Configuration management

Configuration management is the process of identifying, evaluating, and controlling any changes made to your cybersecurity practices. The evaluation will test your organization’s configurations and standard configuration settings for information systems against a predetermined baseline. The goal is to have an established audit system in place that continually monitors your compliance with established configurations.

Security and privacy training

This is an evaluation of the IT trainings you have in place. Your workforce will have to take an assessment focused on identifying gaps in IT security needs. 

While it is only required that you conduct a cybersecurity audit once a year, FISMA recommends that you continually monitor all controls. This will help ensure compliance through the timely remediation of any gaps you find in your controls. Additionally, it is recommended that you regularly document your ongoing evaluation of security controls, as this can be used in future audits. 
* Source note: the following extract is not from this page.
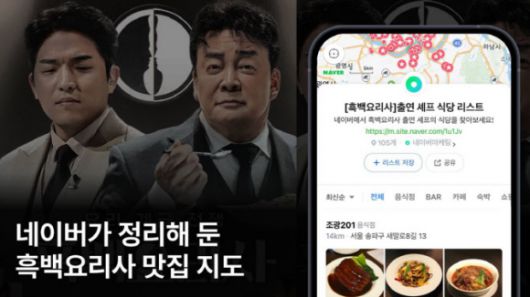 카카오맵도 지난 26일 흑백요리사 식당을 따로 모아 리스크를 공유했다. 앱 기준 검색창에 ‘흑백요리사’를 치면 관련 식당들이 나오며, ‘공지/이벤트’에서도 확인이 가능하다. 카카오맵의 컬러순 정렬 기능을 이용하면 ‘흑수저’, ‘백수저’ 셰프의 식당을 분리해서 볼 수 있다. 해당 리스트가 하루만에 즐겨찾기 구독자만 3800명을 넘어섰고, 6만 3000회에 육박하는 조회수를 기록하고 있다. 티맵 역시 흑백요리사 콘텐츠를 검토 중인 것으로 알려졌다.
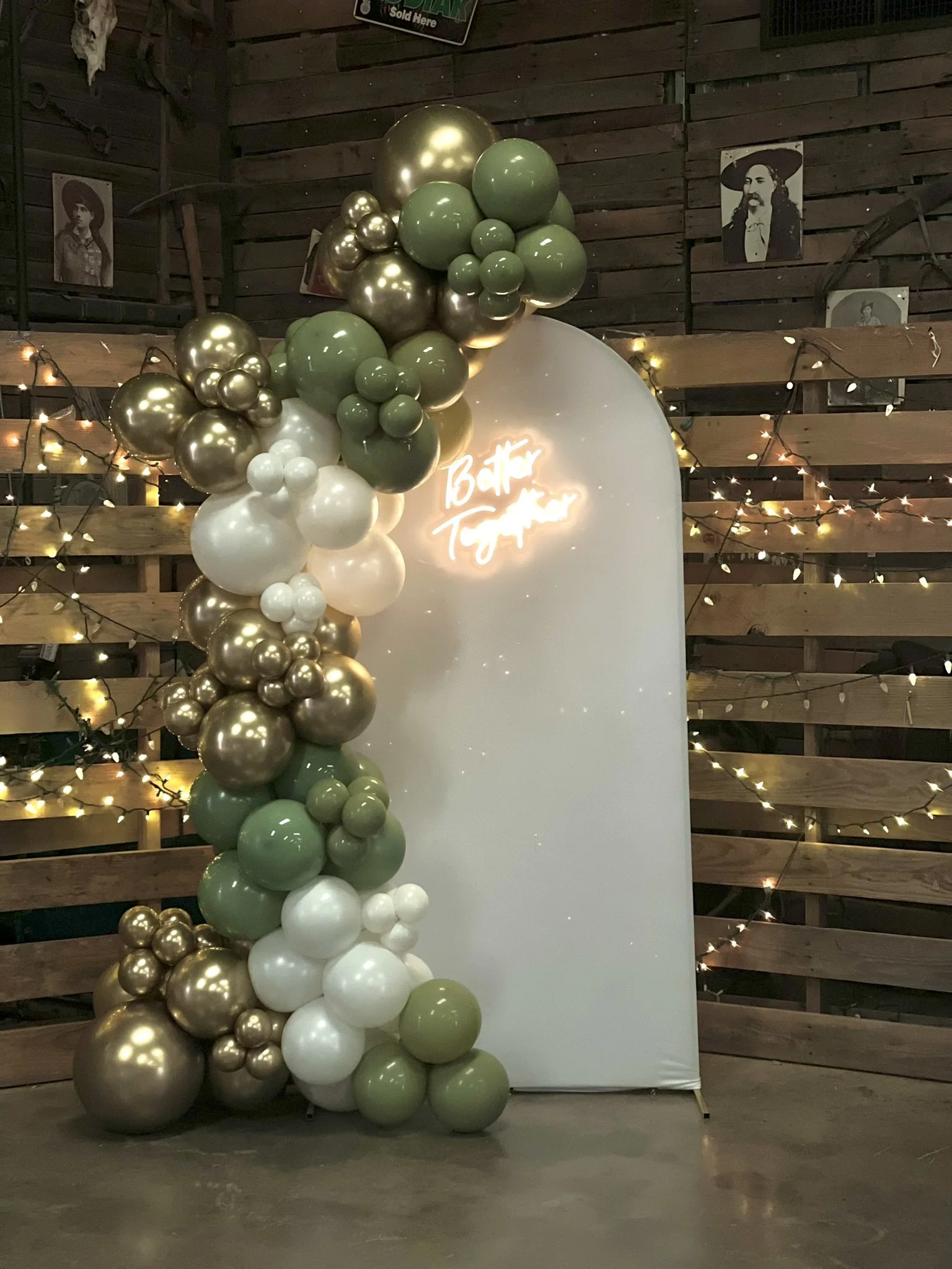 Decorative balloon arch with gold, green, and white balloons beside a sign that reads 'Better Together' in neon lights. Background features wooden paneling and string lights. View fullsize

Creating a compliance monitoring plan 

Once an audit is complete, you can then begin creating a compliance monitoring plan. When creating a compliance monitoring plan, you should aim to address all the risks identified in the audit stage, however, risks that pose the greatest threat to your organization should be prioritized. Once you have identified which risks to monitor, you then need to decide how you are going to implement the monitoring program. When assigning monitoring roles, it is recommended that you map the required expertise against your employees’ skill sets, as to not waste any resources. Additionally, risk monitoring activities should be combined if applicable.

The output of your monitoring activity will be dependent on the level and frequency required by relevant regulatory boards. With that in mind, it is very important to always keep regulatory boards informed of any failings identified, as well as the efforts you take to improve upon any gaps you may find. 

Final thoughts

The ever-changing nature of laws and regulations can make ensuring regulatory compliance very difficult for organizations. While implementing a compliance monitoring plan can help considerably, it’s important to recognize that these will not fully protect you from regulatory fines. With that in mind, SecurityScorecard’s compliance solutions are designed to continuously monitor your organization’s adherence with current security mandates. Partnering with SecurityScorecard will allow you confidently demonstrate compliance, as we provide you with the tools you need to quickly identify and remediate any vendor or partner security risks that may signal policy violations. As laws continue to evolve, having the tools in place to ensure compliance has become a necessity for organizations. For this reason, you must shape your security culture around regulatory compliance, as many times this translates to the success of an organization.